Among some embodiment therein, the mol ratio of the fluorion of the iron ion of inorganic molysite and inorganic fluorine source is 1: 2.5~3.5: 1 described in the step (2).
Among some embodiment therein, heat treated temperature is 60-120 ℃ in the step (3), and heat treatment time is 2 hours-3 days.
What the present invention provided also that above-mentioned preparation method prepares three fluoridizes ferrum nano material.
It is raw material that the preparation method of the present invention's three ferric fluorides does not need volatility fluorine source hydrofluoric acid, utilizes the fluorochemical of low toxicity to be the fluorine source, and common molysite is a source of iron, through simple solvent heat treatment, obtains to contain the FeF of minor amount of water
30.33H
2The O nano material, the preparation process is simple, and productive rate is high, and gained material percent crystallinity is high.The inventive method is a kind of novelty that ferrum nano material is fluoridized in preparation three, and practical operational path is of very high actual application value.
Description of drawings
Fig. 1 is the FeF of the embodiment of the invention 1 preparation
30.33H
2The XRD spectra of O nano material;
Fig. 2 is the FeF of the embodiment of the invention 1 preparation
30.33H
2The charging and discharging curve of O nano material.
Embodiment
Specify the present invention below in conjunction with accompanying drawing and specific embodiment.

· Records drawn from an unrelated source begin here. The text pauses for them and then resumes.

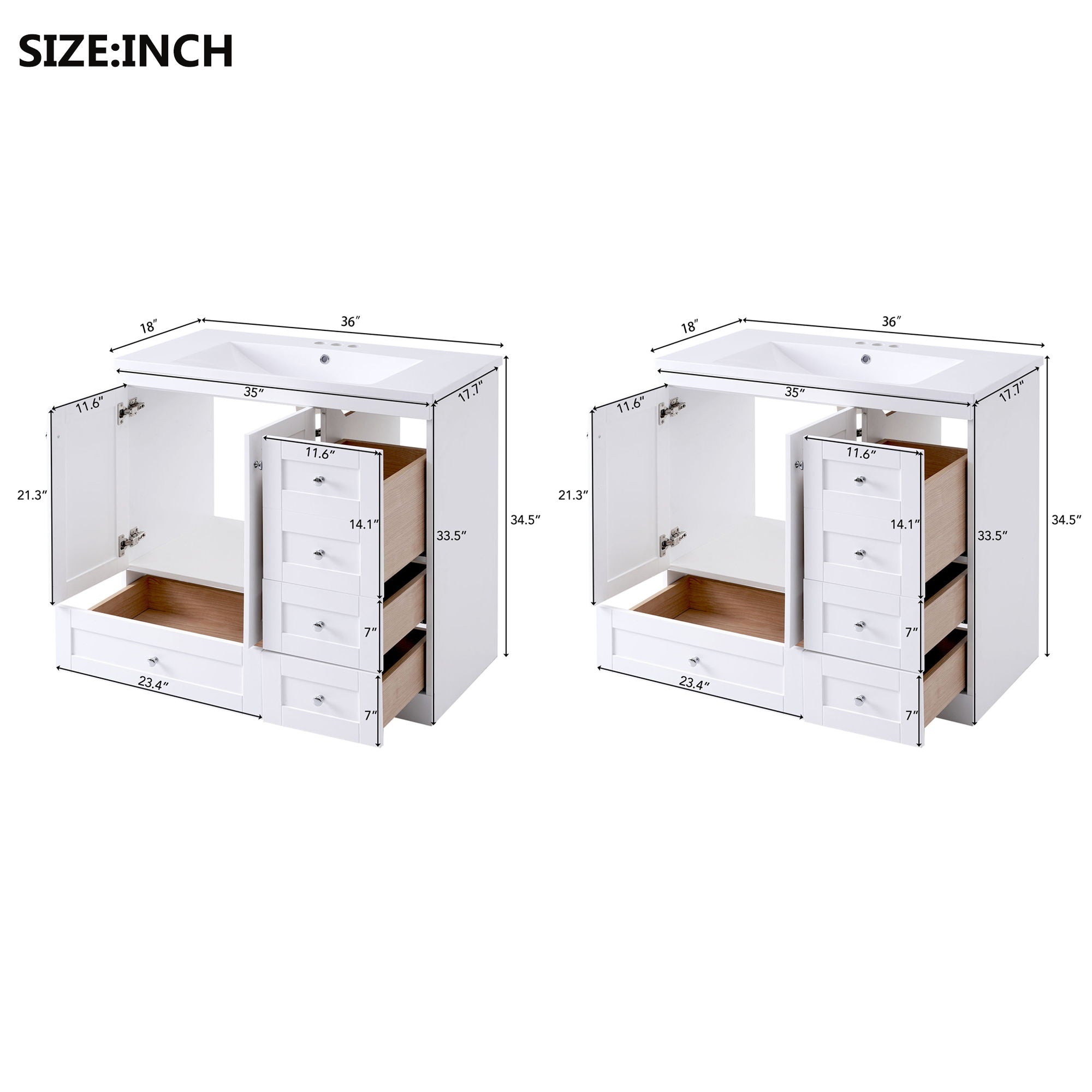 Shaker Style Free Standing Bathroom Vanity Cabinet With Sink, 4 Soft Close Drawers And 2 Soft Close Doors - White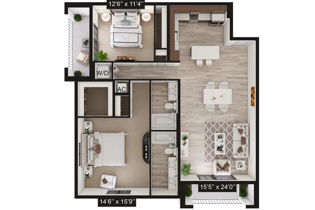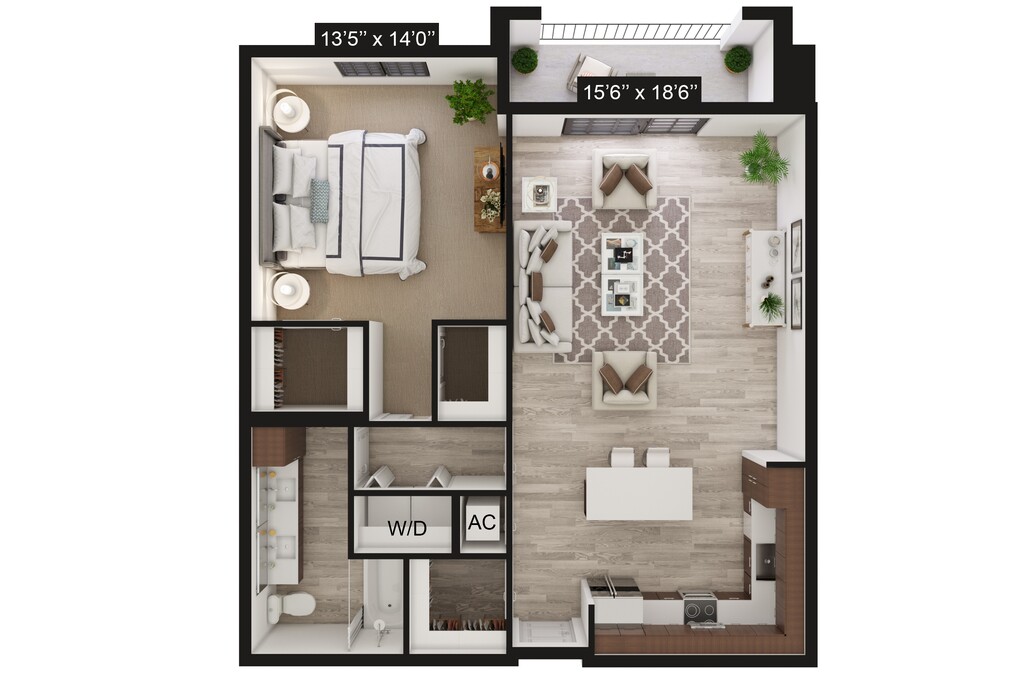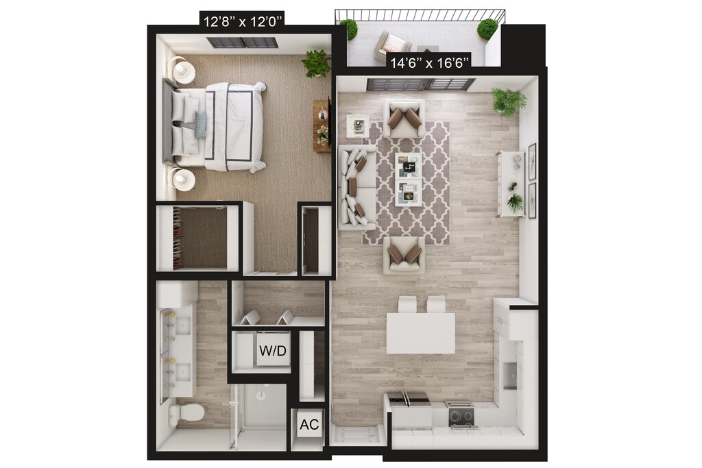 1 Bed, 1 Bath, 835-891 sq ftAvailable NowModel Gallery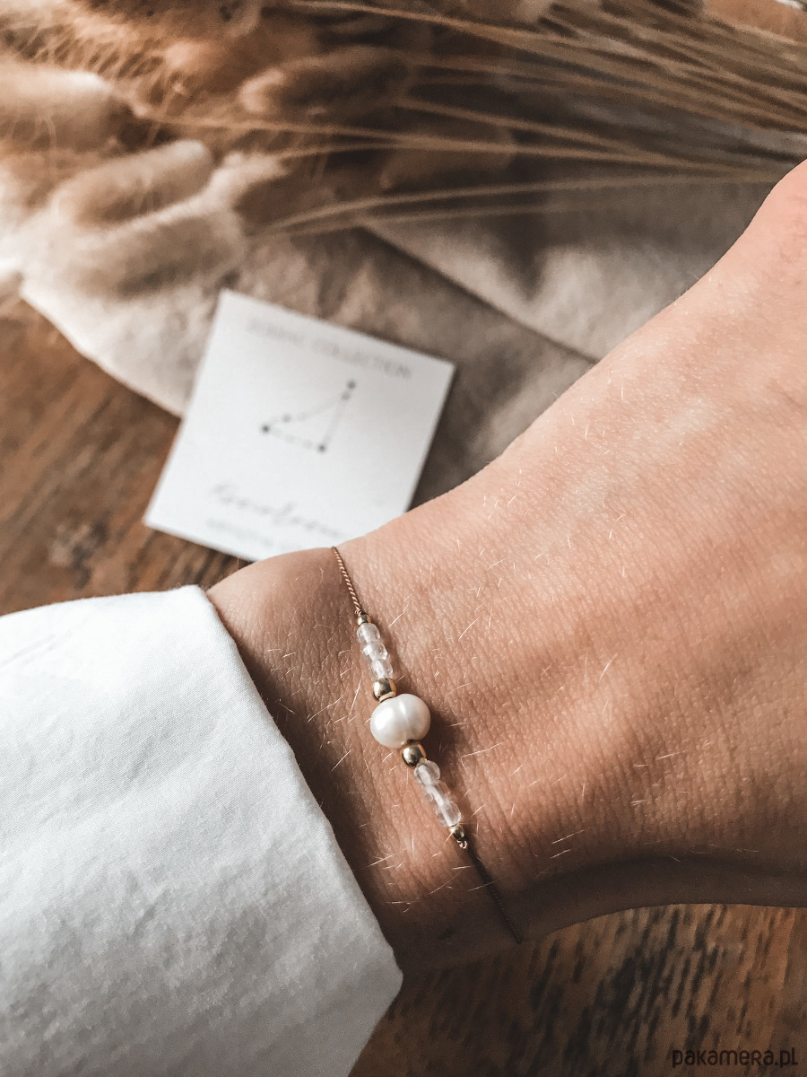 Bransoletka z kolekcji zodiakalnej dla Koziorożca. Wykonana na jedwabnej nici z kryształu górskiego, perły oraz srebrnych koralików próby 925 pozłacanych 24K złotem. Piękny przezroczysty kamień kryształu górskiego to propozycja delikatnej i subtelnej biżuterii.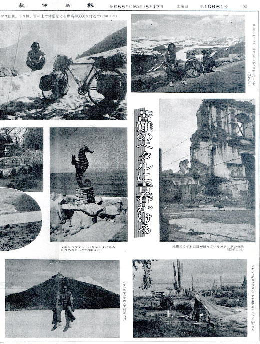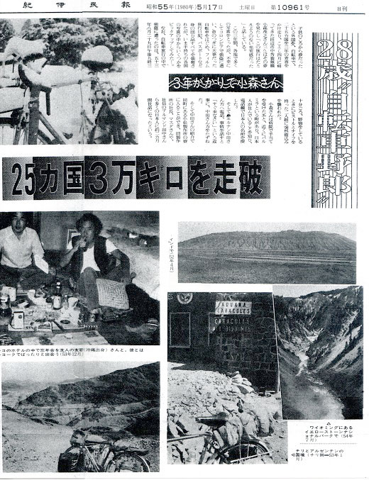 ※コロンビア・カリ郊外の橋の下で野宿中に強盗に襲われ持ち物すべてを失うが新たな自転車で走り世界一周を達成する。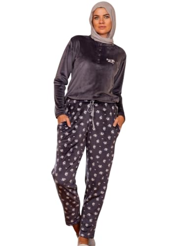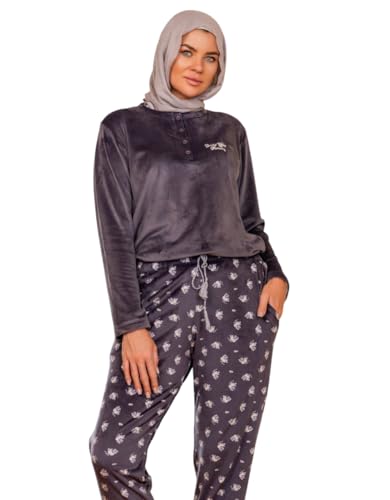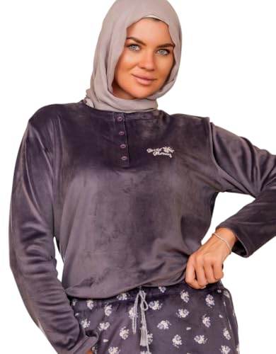 Generic - Women's Winter Velvet Pajama Button Logo T-shirt and Floral Pants with Pockets

Embodiment 1 three fluoridizes the preparation method of ferrum nano material
May further comprise the steps:
(1) with 0.1263g Fe (NO
3)
39H
2O is dissolved in the 30mL absolute ethyl alcohol, obtains clarifying ferruginous alcoholic solution, and in this ferruginous alcoholic solution, the concentration of iron ion is 10.4mM;
(2) under agitation condition, with 0.0267g NH
4HF
2Be added in the above-mentioned ferruginous alcoholic solution, become water white solution, solution is transferred in the tetrafluoroethylene reaction kettle that volume is 50mL until system; Said Fe (NO
3)
39H
2O and NH
4HF
2Mol ratio be 1: 1.5 (mol ratio of iron ion and fluorion is 1: 3);
(3) with hydrothermal reaction kettle in 80 ℃ of thermal treatments 4 hours, naturally cooling, spinning, washing with alcohol 3 times, 60 ℃ of following vacuum-drying 10h promptly get FeF
30.33H
2The O nano material.
FeF to embodiment 1 preparation gained
30.33H
2The O nano material has been carried out the sign of some structures and character.Shown in Figure 1 is FeF
30.33H
2The XRD spectra of O nano material, diffraction peaks all among the figure all belong to FeF
30.33H
2The characteristic diffraction peak of O, inclusion-free exists.The diffraction peak illustrative material of wideization is made up of nanoparticle, according to the Scherrer formula (D=K λ/Bcos θ, wherein K is the Scherrer constant, its value is 0.89; D is grain-size (nm); B is an integration halfwidth degree) calculate particle diameter and be approximately the 10-15 nanometer.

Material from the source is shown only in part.